### AVAILABLE DATA
***

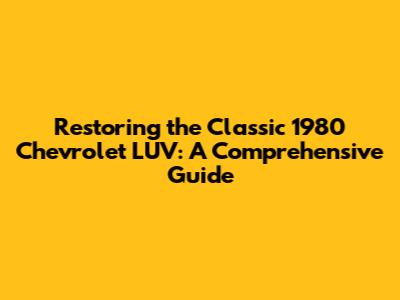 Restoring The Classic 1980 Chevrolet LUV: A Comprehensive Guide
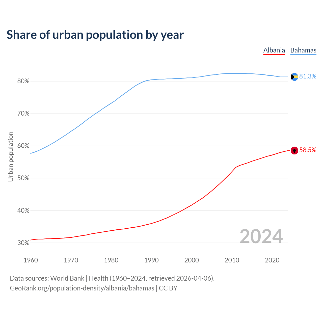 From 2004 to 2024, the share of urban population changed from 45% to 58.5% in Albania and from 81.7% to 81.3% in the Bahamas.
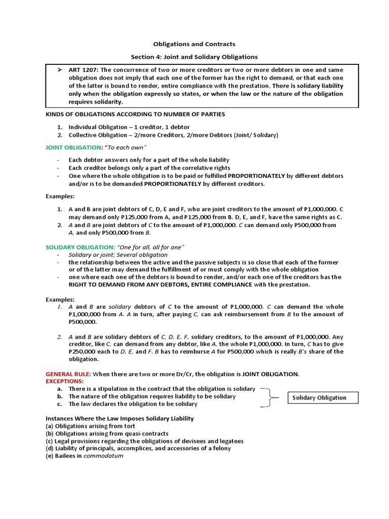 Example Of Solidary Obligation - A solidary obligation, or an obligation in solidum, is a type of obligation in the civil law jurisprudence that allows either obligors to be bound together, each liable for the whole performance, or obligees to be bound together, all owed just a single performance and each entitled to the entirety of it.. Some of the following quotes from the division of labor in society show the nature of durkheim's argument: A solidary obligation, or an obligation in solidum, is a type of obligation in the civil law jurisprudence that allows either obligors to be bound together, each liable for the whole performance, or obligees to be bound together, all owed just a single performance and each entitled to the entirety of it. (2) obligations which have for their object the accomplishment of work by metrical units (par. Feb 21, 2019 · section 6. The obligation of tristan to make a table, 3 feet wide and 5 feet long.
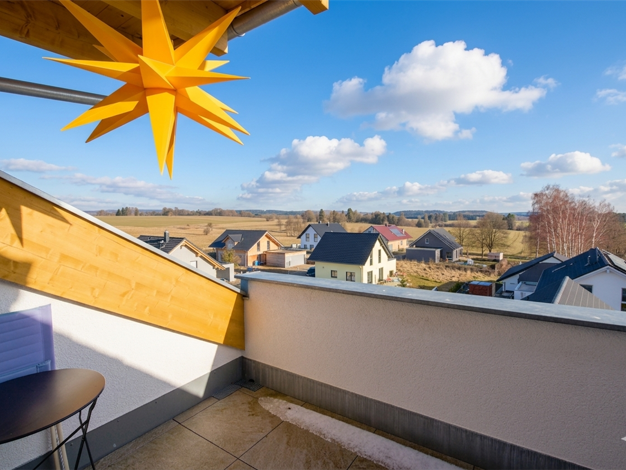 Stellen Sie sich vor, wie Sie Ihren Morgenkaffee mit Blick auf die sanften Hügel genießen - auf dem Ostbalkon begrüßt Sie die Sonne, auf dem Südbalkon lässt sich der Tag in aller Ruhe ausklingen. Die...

***

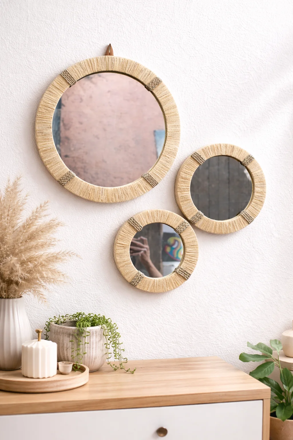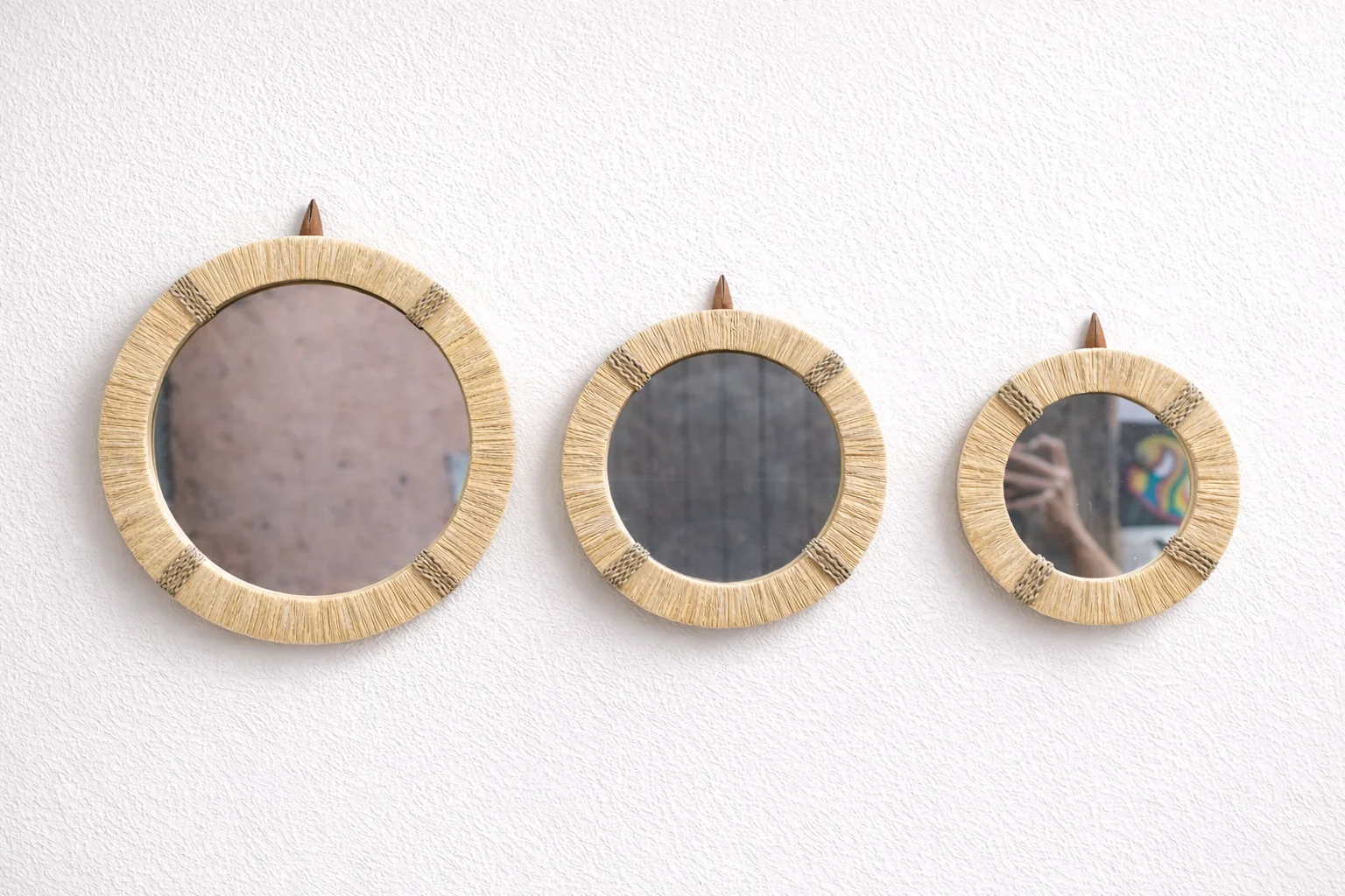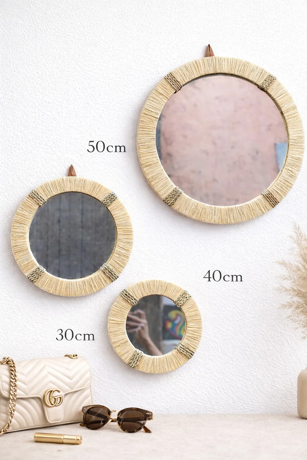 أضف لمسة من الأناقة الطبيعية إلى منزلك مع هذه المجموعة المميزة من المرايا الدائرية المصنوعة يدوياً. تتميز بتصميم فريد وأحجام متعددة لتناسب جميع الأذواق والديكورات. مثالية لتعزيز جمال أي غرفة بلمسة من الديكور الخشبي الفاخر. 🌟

***

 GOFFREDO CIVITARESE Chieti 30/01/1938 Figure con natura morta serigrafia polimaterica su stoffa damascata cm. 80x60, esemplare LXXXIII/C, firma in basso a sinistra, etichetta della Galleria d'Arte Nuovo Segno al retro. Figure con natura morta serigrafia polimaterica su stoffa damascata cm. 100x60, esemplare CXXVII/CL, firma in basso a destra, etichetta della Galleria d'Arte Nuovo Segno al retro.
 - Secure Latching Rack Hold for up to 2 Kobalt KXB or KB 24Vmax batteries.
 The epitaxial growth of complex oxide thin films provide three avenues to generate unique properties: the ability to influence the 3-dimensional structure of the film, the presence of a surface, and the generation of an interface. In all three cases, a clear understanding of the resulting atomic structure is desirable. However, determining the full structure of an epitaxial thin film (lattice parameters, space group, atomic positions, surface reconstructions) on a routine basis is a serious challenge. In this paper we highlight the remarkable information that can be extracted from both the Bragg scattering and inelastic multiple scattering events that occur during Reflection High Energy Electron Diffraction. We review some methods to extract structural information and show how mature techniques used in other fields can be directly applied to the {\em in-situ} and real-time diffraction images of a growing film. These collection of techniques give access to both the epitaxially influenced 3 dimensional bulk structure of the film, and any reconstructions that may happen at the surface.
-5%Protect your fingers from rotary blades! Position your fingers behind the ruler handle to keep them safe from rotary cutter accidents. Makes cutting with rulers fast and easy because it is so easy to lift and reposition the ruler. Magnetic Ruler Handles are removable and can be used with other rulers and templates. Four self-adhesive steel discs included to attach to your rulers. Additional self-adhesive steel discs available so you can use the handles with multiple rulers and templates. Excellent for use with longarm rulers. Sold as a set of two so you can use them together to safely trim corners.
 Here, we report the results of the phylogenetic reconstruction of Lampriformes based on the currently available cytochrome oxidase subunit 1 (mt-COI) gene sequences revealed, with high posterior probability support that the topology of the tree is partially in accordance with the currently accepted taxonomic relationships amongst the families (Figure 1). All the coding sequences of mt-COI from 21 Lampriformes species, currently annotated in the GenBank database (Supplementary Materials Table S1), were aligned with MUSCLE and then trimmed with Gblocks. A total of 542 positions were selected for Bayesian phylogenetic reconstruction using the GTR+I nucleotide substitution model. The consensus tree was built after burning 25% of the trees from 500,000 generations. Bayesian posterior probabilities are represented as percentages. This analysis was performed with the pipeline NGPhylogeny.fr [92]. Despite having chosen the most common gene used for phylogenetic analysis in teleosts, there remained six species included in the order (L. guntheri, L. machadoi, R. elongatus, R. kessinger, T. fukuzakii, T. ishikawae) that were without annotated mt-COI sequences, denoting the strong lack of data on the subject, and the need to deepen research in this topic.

***

### REQUIRED WORK
Give back exactly, and solely, the section of the data above bounded by the line containing "Restoring The Classic" and the line containing "From 2004 to", both bounding lines included and pictures omitted.

### TASK ANSWER
 Restoring The Classic 1980 Chevrolet LUV: A Comprehensive Guide
 From 2004 to 2024, the share of urban population changed from 45% to 58.5% in Albania and from 81.7% to 81.3% in the Bahamas.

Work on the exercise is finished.